Quatrièmement Par cette phrase « Quelles que soient les difficultés du métier nous vous appelons à ne pas opter pour la solution de facilité qui consiste à se trouver un bouc émissaire , ils cherchent à déplacer encore l’objectif de la lutte contre le voile au lycée. Ils disent par cela que les enseignants qui la mènent le font pour résoudre des problèmes de discipline ou autre. Mais qui dit cela ? Ils inventent une fausse discussion et prêtent à mon avis très malhonnêtement des objectifs aux profs d’Aubervilliers (ou d’ailleurs) qui n’ont rien à voir avec les vrais. Je pense qu’ils montrent encore ainsi qu’ils ne veulent pas discuter du vrai problème, l’oppression des femmes. « En réintégrant Lila et Alma Lévy, et en les traitant comme des élèves plutôt que comme des terroristes potentielles ». Il s’agit là exactement du même procédé.

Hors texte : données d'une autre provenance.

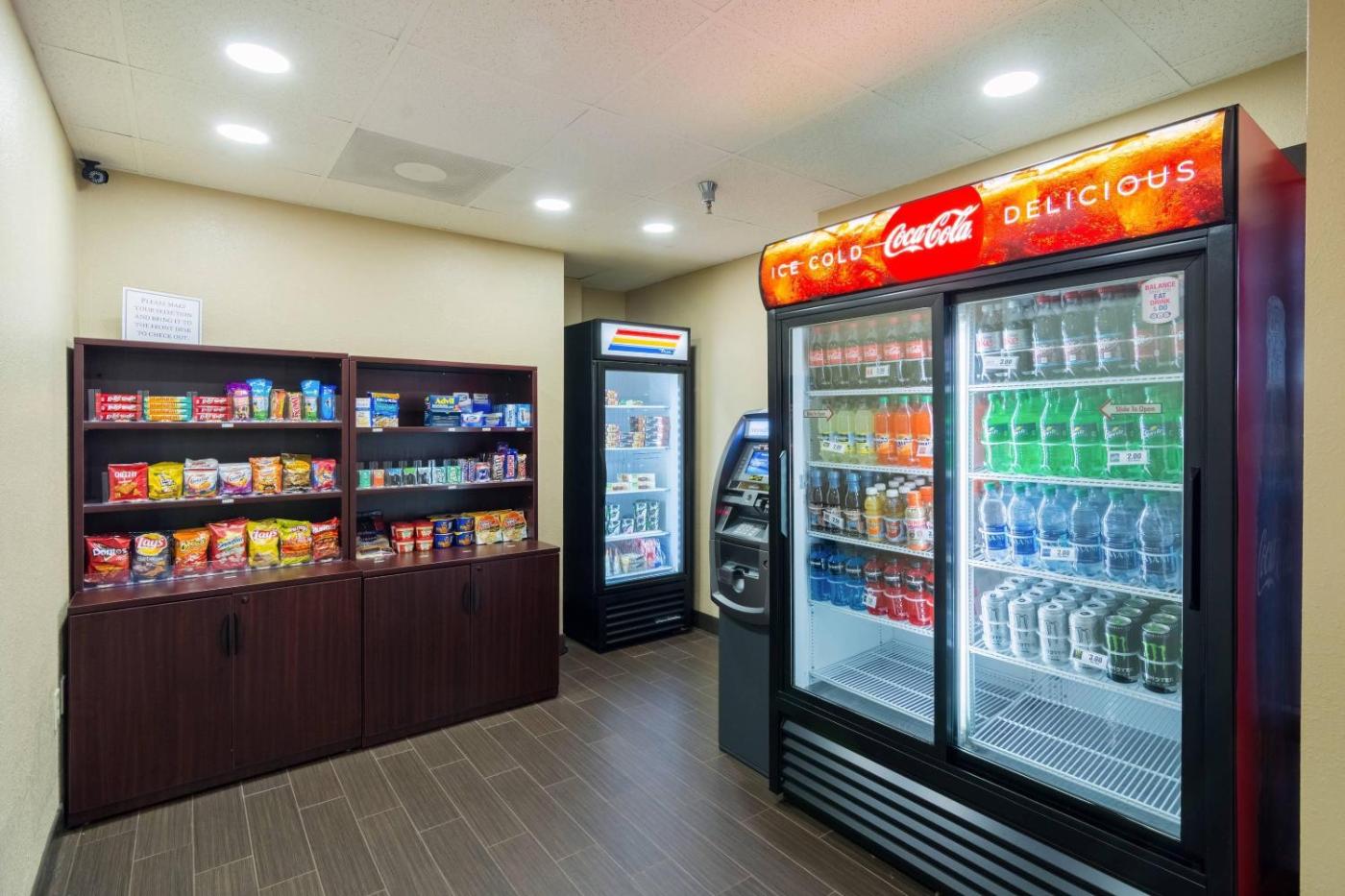 Rooms no longer have carpet they arelinoleum now and the business center is also no longer available as far as snacks and drinks we do not have a vending machine but we do have a small marketplace in the lobby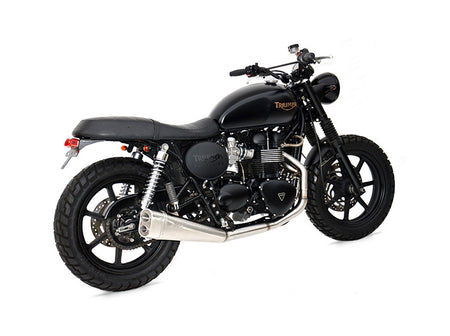 The Conical full kit for the Triumph Bonneville T100, entirely handmade in Italy, includes headers and a silencer made of AISI 304 stainless steel, with a stainless steel end cap. It ensures a weight reduction of -3.8 kg (-8.4 lbs)compared to the original system, while also improving the bikes aesthetics and performance. Available in a satin or black finish, the kit features a classic low-mount layout, perfectly integrated with the elegant profile of the T100. Its deep sound enhances the bikes vintage soul. Available in Euro 2 homologated or racing. Installation is simple and requires no additional modifications. RACING version compatible with BONNEVILLE T100 and THRUXTON 900 (2001 - 2016) HOMOLOGATED version compatible with BONNEVILLE T100 and THRUXTON 900 (2001 - 2007)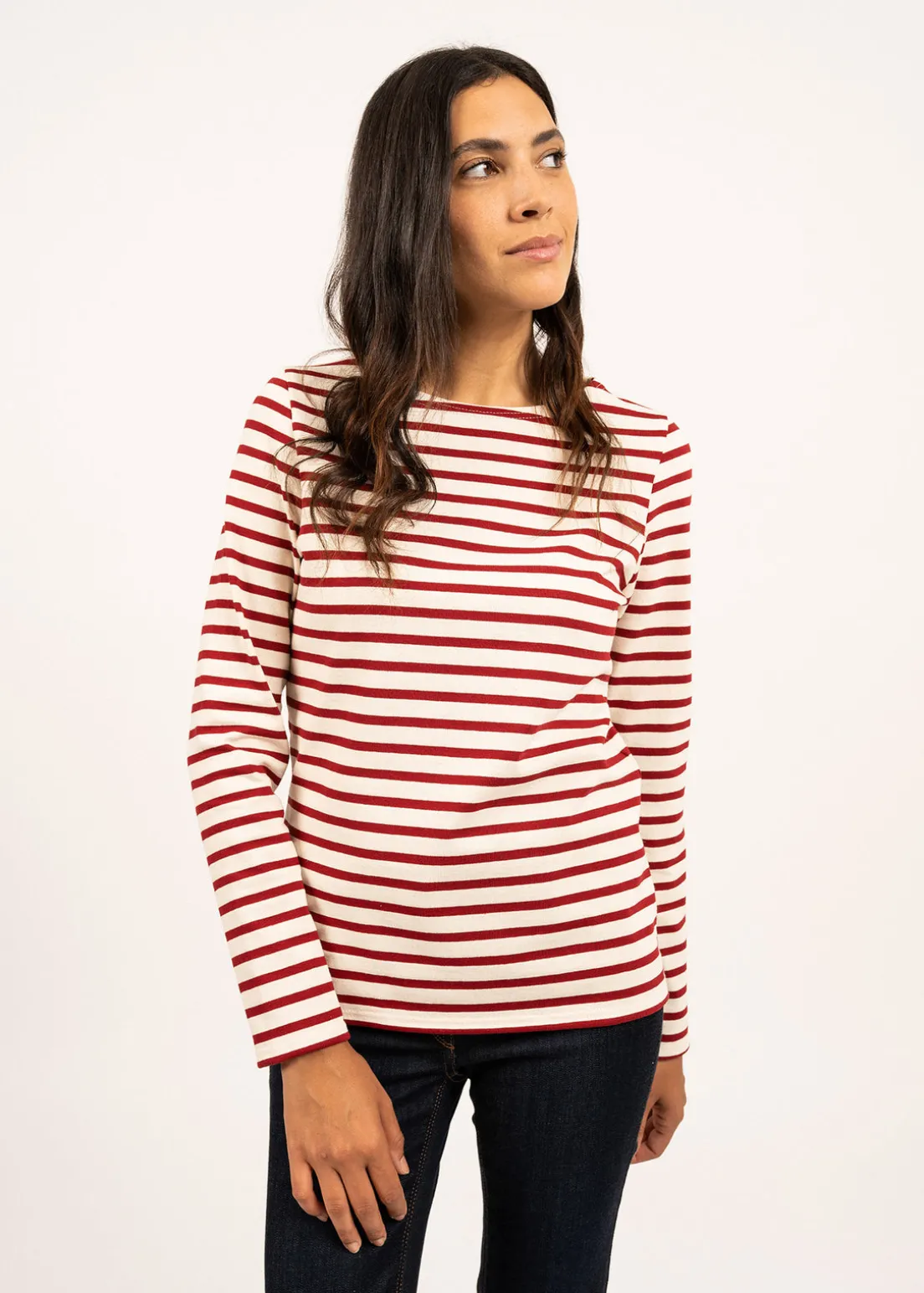 With its authentic fabric in carded cotton, the Meridame shirt is the feminine version of the original striped sailor shirt. With its round neckline and regular fit, it is a comfortable piece, easy to wear.- Thick jersey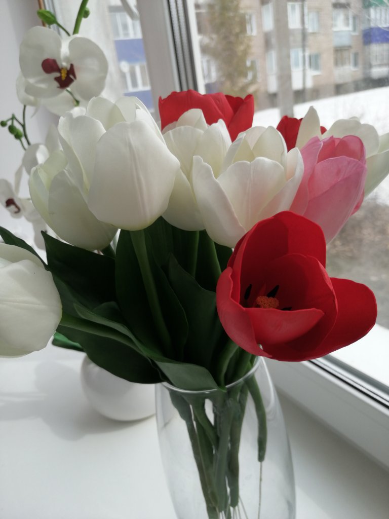 А ещё меня захватила безмерная любовь к цветам из фоамирана. И расцвел у меня букетик из тюльпанов

Mais qui dit que les filles voilées sont des terroristes potentielles ? ce n’est pas au nom de ce phantasme que leur exclusion est demandée, si on en juge par les déclarations et interviews des enseignants. Les auteurs montrent à mon avis par ces procédés qu’ils ne sont pas honnêtes dans la discussion.
Cinquièmement « nos élèves, quelles que soient leurs origines sociales ou nationales, et quelles que soient leurs croyances ou leur incroyance, adhèrent tous ou presque aux principes de liberté, d'égalité et de laïcité. Et c'est au nom de ces principes qu'ils vous jugeront en cas d'exclusion, avec la plus grande sévérité ». Non. Beaucoup de nos élèves garçons, et même des filles, ne partagent pas l’idée qu’une fille est l’égal d’un garçon. C’est une évidence pour qui discute avec ses élèves. Pour ceux qui ne discutent pas avec leurs élèves, il est possible de comprendre ce que vivent les filles dans les cités en lisant le livre de fadela Amara « ni putes ni soumises ». J’éspère que beaucoup de jeunes filles jugeront cette exclusion comme une protection pour elles contre les pressions quotidiennes qu’elles subissent, entre autre pour porter le voile. Cette exclusion sera un moyen pour elles de dire « au lycée, c’est interdit » à leur père, leur frère, aux intégristes, aux caïds des cités.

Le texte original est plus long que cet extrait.